SOURCE DATA:
= = = = = = =
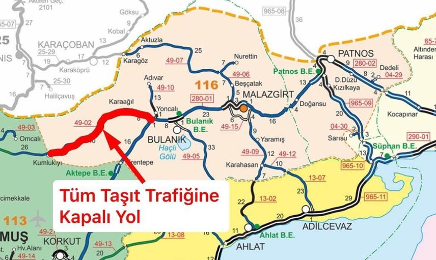 Muş’ta Bulanık-Kumlukıyı karayolu geçici olarak ulaşıma kapatıldı
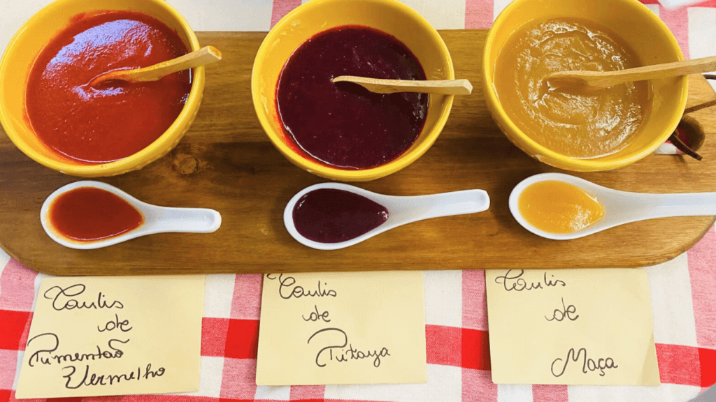 Segundo Rita de Cássia, estudante de gastronomia, “Nós trouxemos três tipos de maionese e diferentes preparos de coulis porque a maioria das pessoas pensa que coulis são apenas doces. Elas os confundem com geleias e imaginam que são sempre doces. Porém, é possível preparar coulis com qualquer ingrediente, inclusive pimentão vermelho.”
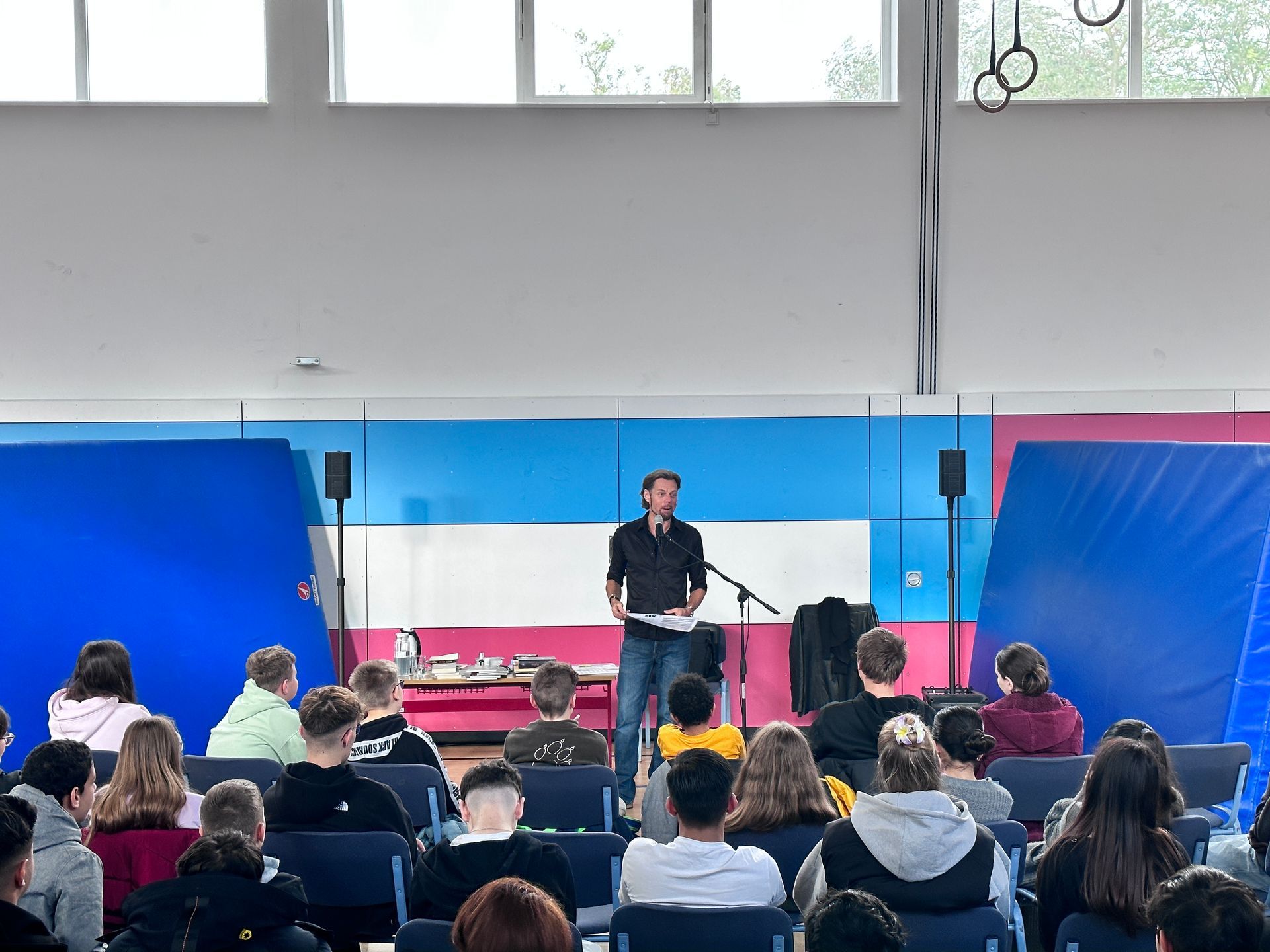 Die Schülerinnen und Schüler zeigten sich begeistert von der humorvollen und interaktiven Herangehensweise des Autors.
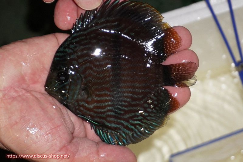 ネグロ産のヘッケルディスカス。ワイルドディスカスらしからぬ際立った青みを持ちベースカラーのえんじ色と相まって非常に美しい発色を見せます。名のごとくフェイス部分の青みは他の産地のヘッケルディスカスとは一味違った表現を持ちます。
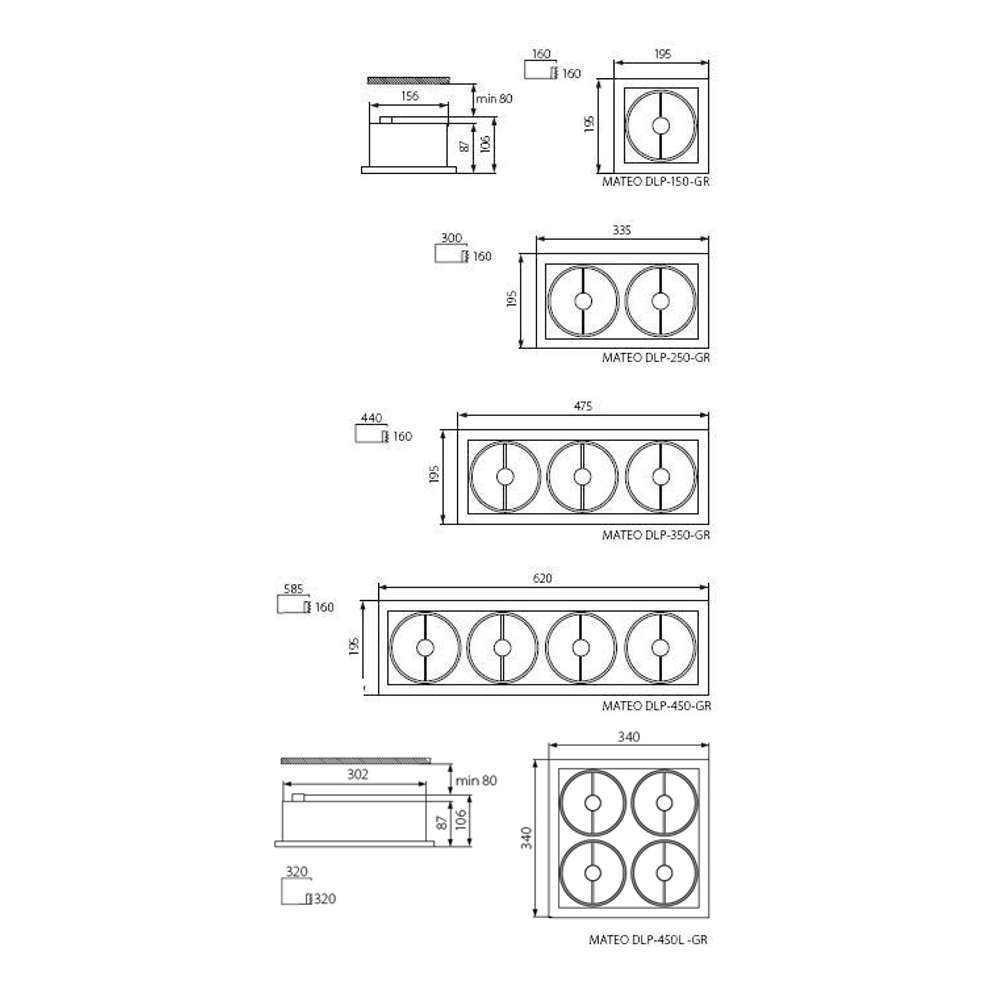 Четворна карданна луна за вграждане Kanlux MATEO DLP-450-GR- осветително тяло за вграждане използващо за светлинен източник лампа AR111. Карданна луна за 4 лампи AR111 с ротация на тялото 25° спомагащо за прецизно насочване на светлината с приложения за акценто и основно осветление в магазини, търговски обекти, банкови учреждения, безиностанции. Карданна система модел MATEO DLP-450-GR е съвместима с всички модели лампи AR111. За да бъде съчетано вашето карданно осветление изберете единични, двойни или тройни карданни ситеми Kanlux MATEO DLP.
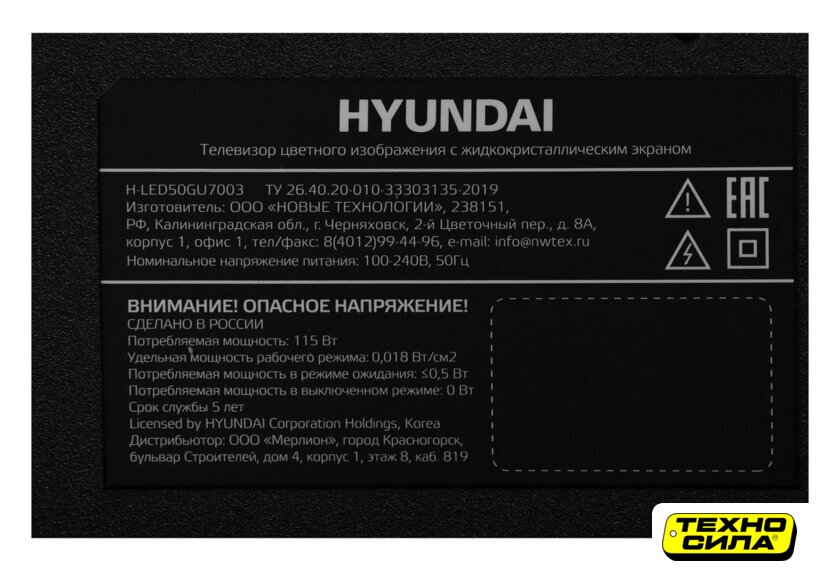 50" 3840x2160 (4K UHD), матрица VA, частота матрицы 60 Гц, Smart TV (Яндекс.ТВ), HDR10, Wi-Fi, смарт пульт
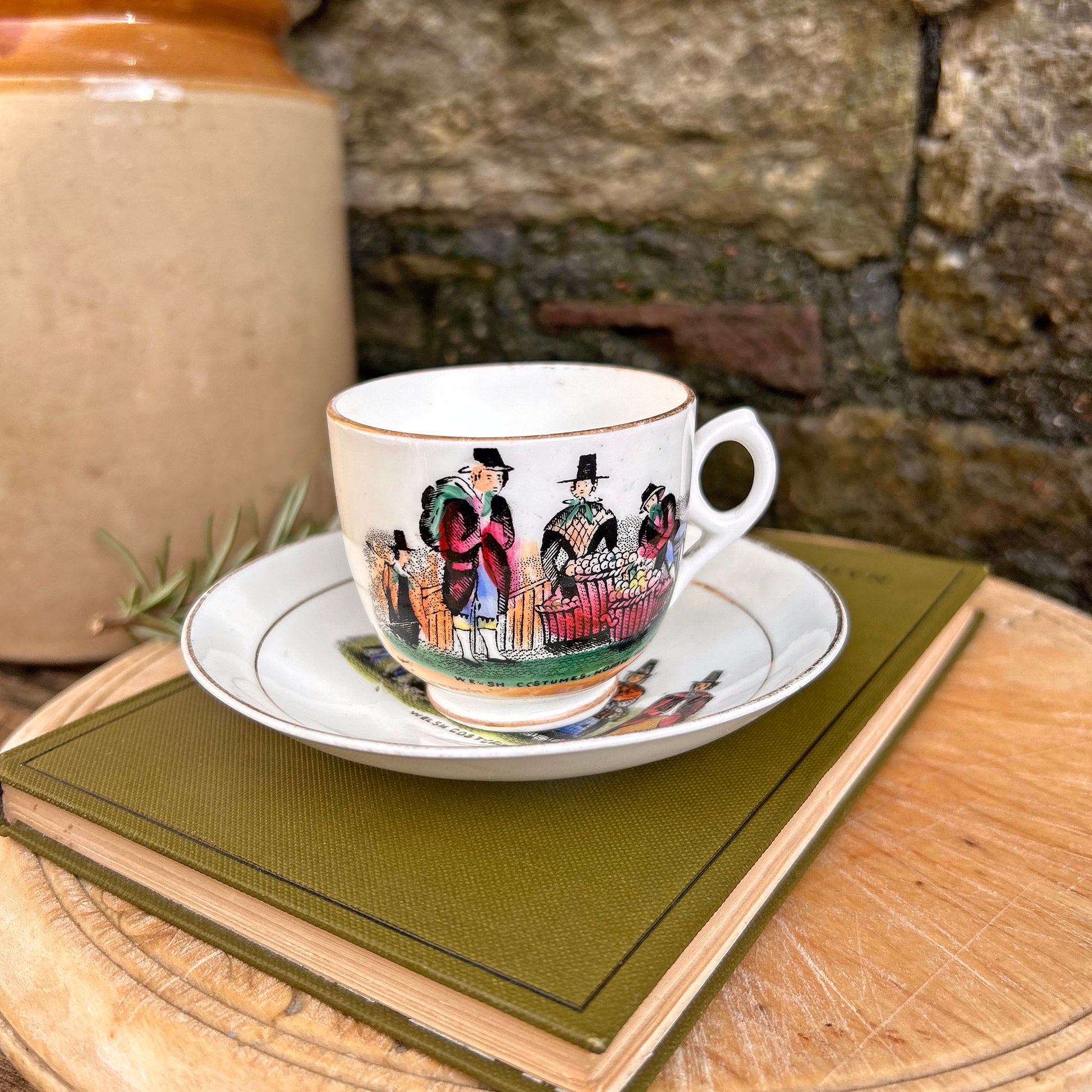 - Small Welsh Costume tea set displaying Welsh ladies and men at market and off to market
= = = = = = =
WORK REQUIRED: Please write out exactly the lines starting at the one that contains "ネグロ産のヘッケルディスカス" and ending with the final line of the entries, both ends included. Do not write out any pictures.

RESPONSE:
 ネグロ産のヘッケルディスカス。ワイルドディスカスらしからぬ際立った青みを持ちベースカラーのえんじ色と相まって非常に美しい発色を見せます。名のごとくフェイス部分の青みは他の産地のヘッケルディスカスとは一味違った表現を持ちます。
 Четворна карданна луна за вграждане Kanlux MATEO DLP-450-GR- осветително тяло за вграждане използващо за светлинен източник лампа AR111. Карданна луна за 4 лампи AR111 с ротация на тялото 25° спомагащо за прецизно насочване на светлината с приложения за акценто и основно осветление в магазини, търговски обекти, банкови учреждения, безиностанции. Карданна система модел MATEO DLP-450-GR е съвместима с всички модели лампи AR111. За да бъде съчетано вашето карданно осветление изберете единични, двойни или тройни карданни ситеми Kanlux MATEO DLP.
 50" 3840x2160 (4K UHD), матрица VA, частота матрицы 60 Гц, Smart TV (Яндекс.ТВ), HDR10, Wi-Fi, смарт пульт
 - Small Welsh Costume tea set displaying Welsh ladies and men at market and off to market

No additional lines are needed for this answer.